• _Task statement_
Below this line is the material. Write out only its lines from the one containing "李勇 報道 本報綿陽5月21日訊" through the one containing "右がマランツ独自開発の「SA", both kept, exactly.

• _Records_
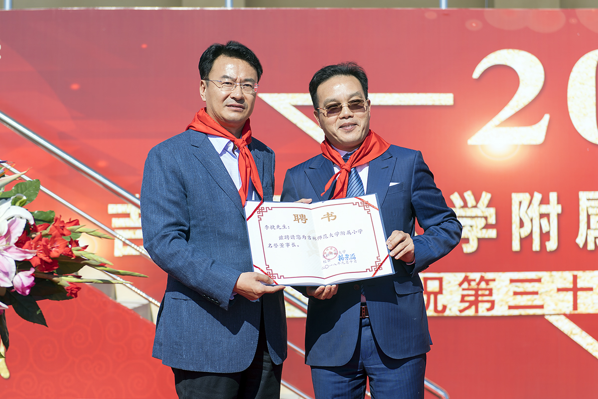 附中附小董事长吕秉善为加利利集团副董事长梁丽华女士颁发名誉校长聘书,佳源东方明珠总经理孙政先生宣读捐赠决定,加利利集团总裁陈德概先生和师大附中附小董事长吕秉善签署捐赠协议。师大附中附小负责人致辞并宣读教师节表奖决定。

---

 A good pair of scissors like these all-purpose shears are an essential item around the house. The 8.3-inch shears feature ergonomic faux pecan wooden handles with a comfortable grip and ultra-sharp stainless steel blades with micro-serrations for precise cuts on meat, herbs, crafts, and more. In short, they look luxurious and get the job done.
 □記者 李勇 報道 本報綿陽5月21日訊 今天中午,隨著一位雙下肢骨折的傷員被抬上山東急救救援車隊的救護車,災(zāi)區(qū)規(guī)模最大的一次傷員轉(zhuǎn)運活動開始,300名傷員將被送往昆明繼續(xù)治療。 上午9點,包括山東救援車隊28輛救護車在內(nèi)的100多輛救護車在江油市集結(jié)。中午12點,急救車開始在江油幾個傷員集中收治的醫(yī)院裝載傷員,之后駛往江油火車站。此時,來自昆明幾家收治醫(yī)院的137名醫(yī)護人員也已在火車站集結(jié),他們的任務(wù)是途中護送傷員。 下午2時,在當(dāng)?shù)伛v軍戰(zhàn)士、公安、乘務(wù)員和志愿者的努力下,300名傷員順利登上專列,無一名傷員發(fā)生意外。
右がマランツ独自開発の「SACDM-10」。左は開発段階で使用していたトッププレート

• _Problem solution_
 □記者 李勇 報道 本報綿陽5月21日訊 今天中午,隨著一位雙下肢骨折的傷員被抬上山東急救救援車隊的救護車,災(zāi)區(qū)規(guī)模最大的一次傷員轉(zhuǎn)運活動開始,300名傷員將被送往昆明繼續(xù)治療。 上午9點,包括山東救援車隊28輛救護車在內(nèi)的100多輛救護車在江油市集結(jié)。中午12點,急救車開始在江油幾個傷員集中收治的醫(yī)院裝載傷員,之后駛往江油火車站。此時,來自昆明幾家收治醫(yī)院的137名醫(yī)護人員也已在火車站集結(jié),他們的任務(wù)是途中護送傷員。 下午2時,在當(dāng)?shù)伛v軍戰(zhàn)士、公安、乘務(wù)員和志愿者的努力下,300名傷員順利登上專列,無一名傷員發(fā)生意外。
右がマランツ独自開発の「SACDM-10」。左は開発段階で使用していたトッププレート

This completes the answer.